WORK ITEM ->
Return the lines of the listing below exactly as they appear, beginning at the one with "近日,北京百靈天地環保科技股" and stopping after the one with "Πάνω από 2.800.000"; do not include pictures.

START RECORDS PROVIDED

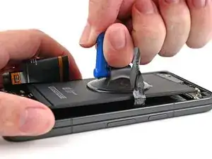 Оставшийся клей чрезвычайно прочен. Чтобы избежать изгиба батареи, следующие три шага показывают, как использовать изопропиловый спирт и присоску для её снятия.
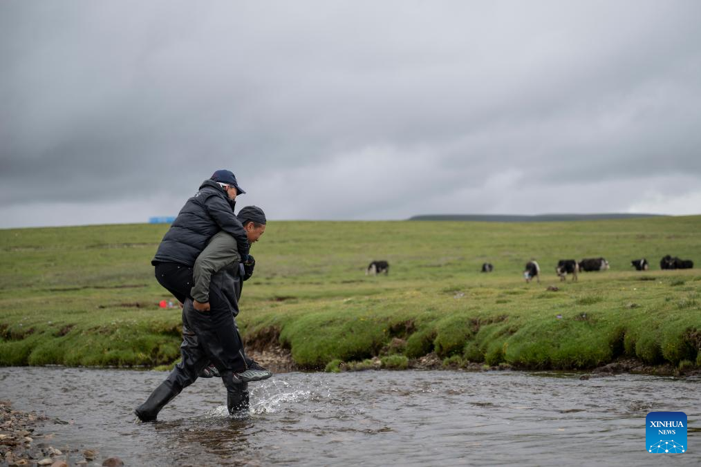 Researchers probe underground water level around the Nieqiaqu River in northwest China's Qinghai Province, July 23, 2024. (Xinhua/Wu Zhizun)
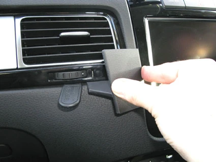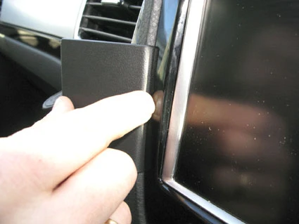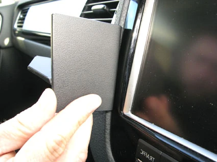 Use the enclosed alcohol pad to clea the area where the ProClip is to be installed. Press the thin end of the enclosed gap opener into the gap between the trim surrounding the air vent and the dashboard, to widen the gap. Peel off the adhesive tape cover on the ProClip. Press the curved edge on the right part of the ProClip into the gap bteween the center console and the dashboard.
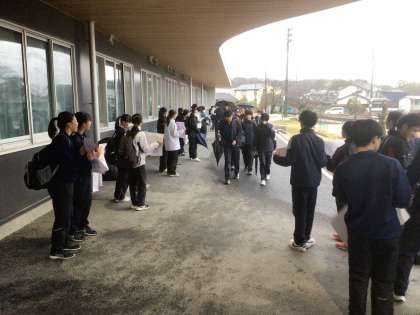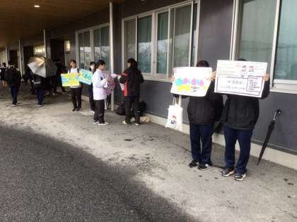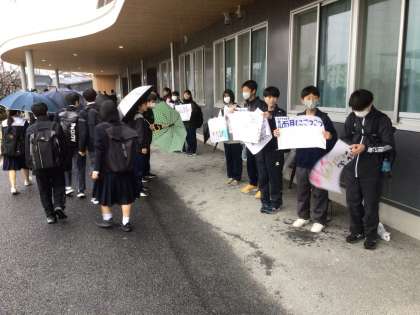 令和7年度前期生徒会役員選挙の立候補者による選挙運動が始まりました。小雨の降る中、立候補者の元気の良い声が響く週明けのスタートです。
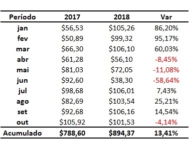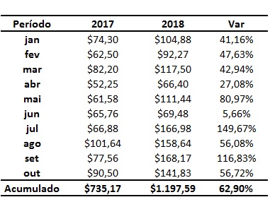 O importante é destacar também em que todo mês de 2018, até outubro pelo menos, as compras foram maiores em relação ao mesmo período do ano anterior.
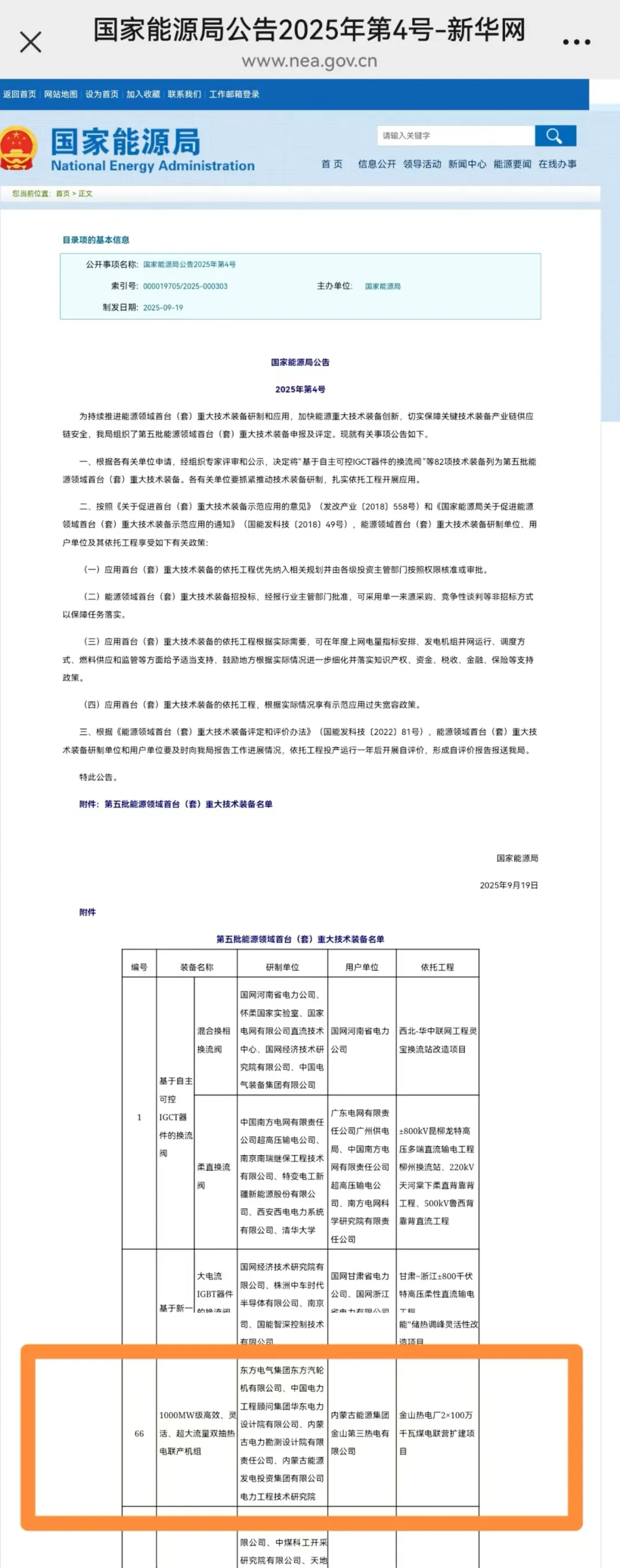 近日,北京百靈天地環保科技股份有限公司(簡稱:百靈股份)收到內蒙古能源集團金山第三熱電有限公司發來的感謝信,對百靈股份在金山三期“1000MW級高效、靈活、超大流量雙抽熱電聯產機組”成功入選國家能源局第五批能源領域首臺(套)重大技術裝備工作中提供的有利支持表示肯定,對公司及項目團隊展現的高度專業素養、負責態度與勇于擔當的團隊精神致以謝意。該機組作為國內首臺套百萬級最大雙抽熱電聯產機組,是蒙能集團在能源關鍵技術領域實現的重大突破。
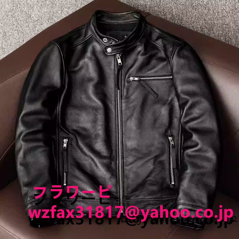 - 秋冬の最新モデルカウハイド 牛革 立ち襟 ヴィンテージ シングル イタリアンレザー ライダースジャケット レザージャケット バイクウエア M
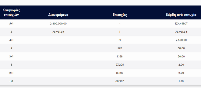 Πάνω από 2.800.000 ευρώ στην 1η κατηγορία μοίραζε το τζόκερ στην κλήρωση της Κυριακής (20/11), χωρίς και πάλι να βρεθεί νικητής.
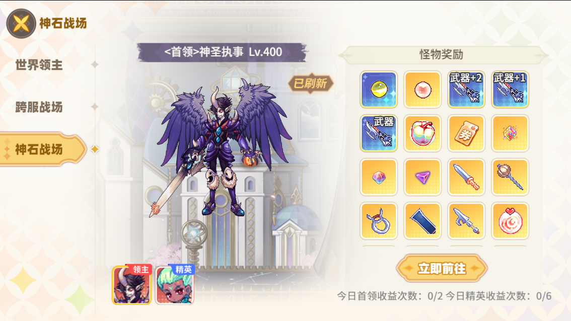 挑戰(zhàn)神石戰(zhàn)場的首領(lǐng)和精英可獲得對應(yīng)獎勵,首領(lǐng):傷害排名最高的個人或隊伍可獲得神石首領(lǐng)獎勵;精英:最后擊殺者可獲得精英獎勵。玩家每日可挑戰(zhàn)神圣戰(zhàn)場次數(shù)有限,超過次數(shù)將無法造成傷害無法獲得獎勵。
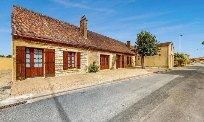 Spend your holiday in this cosy holiday home in an original village to the west of Bergerac. Surrounded by extensive vineyards and just a short walk from the Dordogne, the house offers a pleasant atmosphere for a relaxing break. Settle down on the comfortable sofas in the living room and enjoy the traditional décor with antique furniture, exposed wooden beams and rustic stone walls. The spacious dining table invites you to enjoy meals together. Use the kitchen to prepare regional specialities.
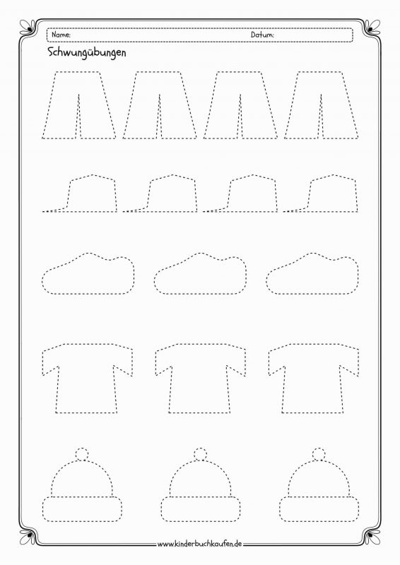 Als Gegenstände, die Ihrem Kind tagtäglich begegnen, sind Kleidungsstücke etwas, das Ihr Kind mehr als gut kennt. Auch wenn die Textilien an und für sich womöglich nicht gerade als sonderlich spannend empfunden werden, sorgen sie, verpackt in lehrreiche Schwungübungen, für den optimalen Mix aus Ausmalspaß und Lernen.
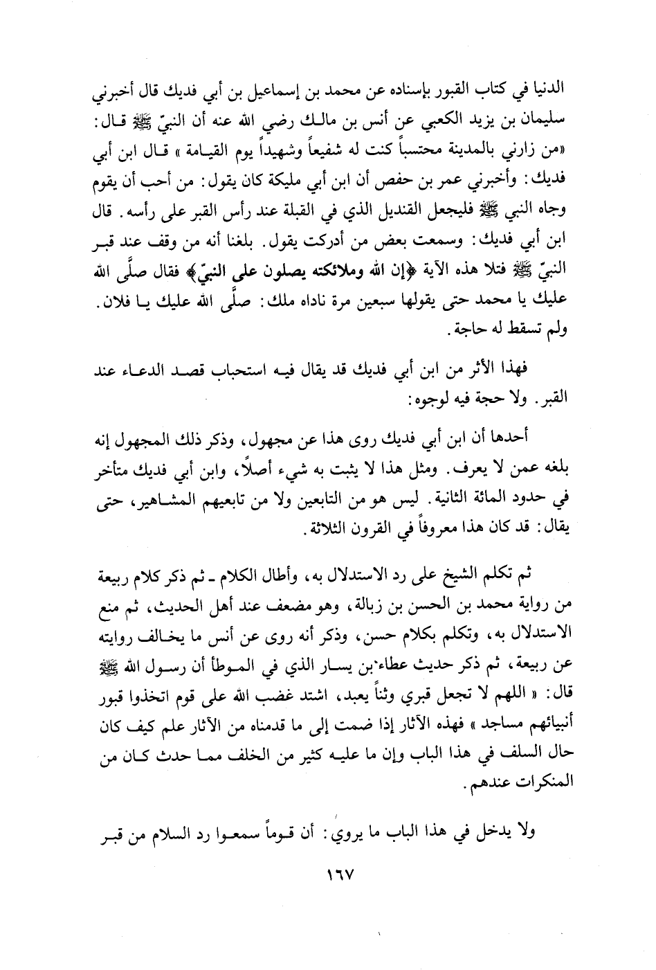 ثم تكلم الشيخ على ردّ الاستدلال به، وأطال الكلام ـ ثم ذكر كلام ربيعة من رواية محمد بن الحسن بن زبالة، وهو مضعف عند أهل الحديث، ثم منع الاستدلال به، وتكلم بكلام حسن، وذكر أنه روى عن أنس ما يخالف روايته عن ربيعة، ثم ذكر حديث عطاء بن يسار الذي في الموطأ أن رسول الله صلى الله عليه وسلّم قال: "اللهم لا تجعل قبري وثناً يعبد، اشتد غضب الله على قوم اتخذوا قبور أنبيائهم مساجد" فهذه الآثار إذا ضمت إلى ما قدمناه من الآثار علم كيف كان حال السلف في هذا الباب وإن ما عليه كثير من الخلف مما حدث كان من المنكرات عندهم.

END RECORDS PROVIDED

YOUR SOLUTION ->
 近日,北京百靈天地環保科技股份有限公司(簡稱:百靈股份)收到內蒙古能源集團金山第三熱電有限公司發來的感謝信,對百靈股份在金山三期“1000MW級高效、靈活、超大流量雙抽熱電聯產機組”成功入選國家能源局第五批能源領域首臺(套)重大技術裝備工作中提供的有利支持表示肯定,對公司及項目團隊展現的高度專業素養、負責態度與勇于擔當的團隊精神致以謝意。該機組作為國內首臺套百萬級最大雙抽熱電聯產機組,是蒙能集團在能源關鍵技術領域實現的重大突破。
 - 秋冬の最新モデルカウハイド 牛革 立ち襟 ヴィンテージ シングル イタリアンレザー ライダースジャケット レザージャケット バイクウエア M
 Πάνω από 2.800.000 ευρώ στην 1η κατηγορία μοίραζε το τζόκερ στην κλήρωση της Κυριακής (20/11), χωρίς και πάλι να βρεθεί νικητής.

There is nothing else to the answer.